In a prospective study of MII-EM (also based on conventional manometry) in 350 patients with various esophageal manometric abnormalities, all patients with achalasia (n = 24) and scleroderma (n = 4) had abnormal bolus transit.
Dysphagia was noted most often in patients with abnormal bolus transit. Of the patients with diffuse esophageal spasm and IEM, 55% and 51%, respectively, had normal bolus transit, and patients with isolated LES abnormalities (hypo- or hypertensive LES), nutcracker esophagus, or normal manometry almost always (>95%) had normal bolus transit. This study suggested a role for MII-EM in assessment of the functional abnormalities associated with manometric diagnoses noted on conventional manometry.

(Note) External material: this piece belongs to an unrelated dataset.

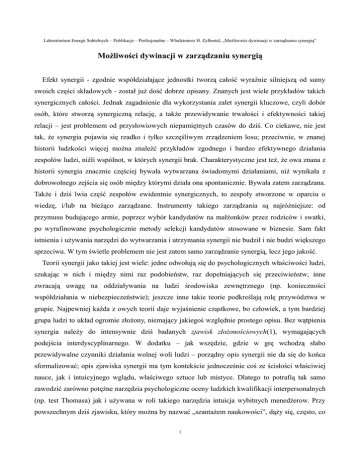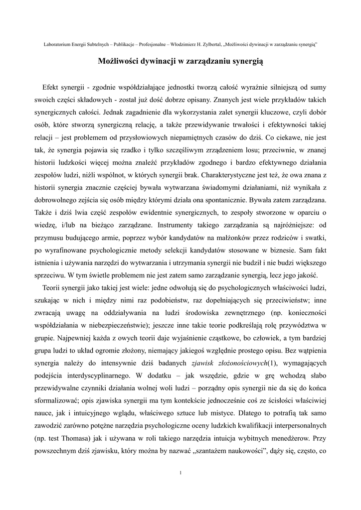 Laboratorium Energii Subtelnych – Publikacje – Profesjonalne – Włodzimierz H. Zylbertal, „Możliwości dywinacji w zarządzaniu synergią” Możliwości dywinacji w zarządzaniu synergią Efekt synergii - zgodnie współdziałające jednostki tworzą całość wyraźnie silniejszą od sumy swoich części składowych - został już dość dobrze opisany. Znanych jest wiele przykładów takich synergicznych całości. Jednak zagadnienie dla wykorzystania zalet synergii kluczowe, czyli dobór osób, które stworzą synergiczną relację, a także przewidywanie trwałości i efektywności takiej relacji – jest problemem od przysłowiowych niepamiętnych czasów do dziś. Co ciekawe, nie jest tak, że synergia pojawia się rzadko i tylko szczęśliwym zrządzeniem losu; przeciwnie, w znanej historii ludzkości więcej można znaleźć przykładów zgodnego i bardzo efektywnego działania zespołów ludzi, niźli wspólnot, w których synergii brak. Charakterystyczne jest też, że owa znana z historii synergia znacznie częściej bywała wytwarzana świadomymi działaniami, niż wynikała z dobrowolnego zejścia się osób między którymi działa ona spontanicznie. Bywała zatem zarządzana. Także i dziś lwia część zespołów ewidentnie synergicznych, to zespoły stworzone w oparciu o wiedzę, i/lub na bieżąco zarządzane. Instrumenty takiego zarządzania są najróżniejsze: od przymusu budującego armie, poprzez wybór kandydatów na małżonków przez rodziców i swatki, po wyrafinowane psychologicznie metody selekcji kandydatów stosowane w biznesie. Sam fakt istnienia i używania narzędzi do wytwarzania i utrzymania synergii nie budził i nie budzi większego sprzeciwu. W tym świetle problemem nie jest zatem samo zarządzanie synergią, lecz jego jakość. Teorii synergii jako takiej jest wiele: jedne odwołują się do psychologicznych właściwości ludzi, szukając w nich i między nimi raz podobieństw, raz dopełniających się przeciwieństw; inne zwracają uwagę na oddziaływania na ludzi środowiska zewnętrznego (np. konieczności współdziałania w niebezpieczeństwie); jeszcze inne takie teorie podkreślają rolę przywództwa w grupie. Najpewniej każda z owych teorii daje wyjaśnienie cząstkowe, bo człowiek, a tym bardziej grupa ludzi to układ ogromie złożony, niemający jakiegoś względnie prostego opisu. Bez wątpienia synergia należy do intensywnie dziś badanych zjawisk złożonościowych(1), wymagających podejścia interdyscyplinarnego. W dodatku – jak wszędzie, gdzie w grę wchodzą słabo przewidywalne czynniki działania wolnej woli ludzi – porządny opis synergii nie da się do końca sformalizować; opis zjawiska synergii ma tym kontekście jednocześnie coś ze ścisłości właściwiej nauce, jak i intuicyjnego wglądu, właściwego sztuce lub mistyce. Dlatego to potrafią tak samo zawodzić zarówno potężne narzędzia psychologiczne oceny ludzkich kwalifikacji interpersonalnych (np. test Thomasa) jak i używana w roli takiego narzędzia intuicja wybitnych menedżerow. Przy powszechnym dziś zjawisku, który można by nazwać „szantażem naukowości”, dąży się, często, co 1 Laboratorium Energii Subtelnych – Publikacje – Profesjonalne – Włodzimierz H. Zylbertal, „Możliwości dywinacji w zarządzaniu synergią” tu ukrywać beznadziejnie, do jak najściślejszego określania coraz mniej znaczących elementów osobowości i ich wpływu na zdolności synergiczne. Ruguje się jednocześnie (przynajmniej oficjalnie) wszelkie czynniki nieracjonalne, choćby takie jak intuicja. Co uczciwsi przedstawiciele nauki przyznają w konferencyjnych kuluarach, że nie da się opisać człowieka i jego społecznych interakcji tylko w kategoriach redukcjonistycznych, dziś uznawanych za „racjonalne” - ale w słyszanych poza kuluarami referatach prawie tego nie ma. Rozbudowuje się narzędzia psychologiczne, przede wszystkim wszelkiego rodzaju testy, coraz lepiej rozszyfrowuje algorytmy rządzące zachowaniami podświadomymi (np. mową ciała). Jednak metody te, choć dobrze diagnozują kondycję człowieka w chwili badania, nie umożliwiają prognozowania zachowań ludzi w dłuższym horyzoncie czasowym. A przecież to kwestia dla sprawnego działania kluczowa! Prognozowanie długoterminowe wymaga brania pod uwagę czynników w dzisiejszej psychologii zazwyczaj nie istniejących. Mówimy „zazwyczaj”, bo byli i są psycholodzy usiłujący wyjść poza te schematy – ale ich dokonania funkcjonują poza głównym nurtem świadomości społecznej (2). Poprawne prognozowanie wymaga też rozumienia człowieka, które moglibyśmy nazwać ekologicznym, nakazującego widzieć jednostkę jako integralną część szeroko pojętych środowisk – przyrodniczego, społecznego, kulturowego, technicznego, a nawet kosmicznego. Z tym ostatnim wiąże się kontrowersyjne, a przez oficjalną naukę przeważnie piętnowane zagadnienie roli jednostki w porządku Wszechświata, w popularnych wyobrażeniach rozumiane jako karma, przeznaczenie, etc. Obecnie w zastosowaniach profesjonalnych na użytek HR, prognoza zachowań ludzi i stworzonych z nich zespołów jest oficjalnie pomijana, a nieoficjalnie robiona... intuicyjnie, o czym wie każdy jako-tako doświadczony decydent. Tymczasem rozwiązanie tej kwadratury koła istnieje, jest w zasięgu ręki, jednak z przyczyn, przyznajmy to szczerze, bardziej ideologicznych niż merytorycznych, nie jest powszechne. Rozwiązaniem takim jest użycie do oceny synergii i jej rozwoju w czasie - diagnozy dywinacyjnej. Wbrew tyleż powszechnym co bałamutnym mniemaniom, dywinacja (wróżbiarstwo) to nie tylko „wróżenie przyszłości” – to także (a może przede wszystkim?) zbiór najstarszych i do dziś użytecznych modeli psychologicznych człowieka. W dodatku modeli od razu uwzględniających omówioną przed chwilą dwutorowość poznania ludzkiej psyche – bo w dywinację zarówno systemow

In a subsequent study focusing on the IEM group of patients (n = 70), the authors noted that 33% had normal bolus transit for both liquid and viscous swallows, and manometrically normal contractions were almost always associated with normal bolus transit.
Clarification of the esophageal function defect in patients with manometric ineffective esophageal motility: studies using combined impedance-manometry.
Abnormalities in viscous impedance were further evaluated in a prospective study of 240 patients (129 with nonobstructive dysphagia [NOD], 111 GERD patient controls) with normal liquid manometry. Patients with NOD were more likely to have abnormal viscous impedance compared to the control group (29% vs 16%; P = .02), but a statistically significant difference was not noted in liquid impedance abnormalities.
In a study evaluating the role of MII-EM in patients with achalasia and scleroderma, compared with normal controls, it was noted that patients with achalasia had impaired bolus transit across all sites in the esophagus, and pressures were also similar.
In contrast, in patients with scleroderma, bolus clearance rates and contraction amplitudes decreased from proximal to distal; in normal controls, the majority of swallows were associated with normal bolus transit. Several other studies have evaluated the role of MII-EM in patients with NOD and other esophageal motility abnormalities, establishing the additional advantage of evaluating bolus transit, specifically viscous bolus transit in the functional evaluation of the esophagus in these diseases.
That said, whether the impedance findings in MII-EM or MII-HRM alter clinical management has not been clearly proven.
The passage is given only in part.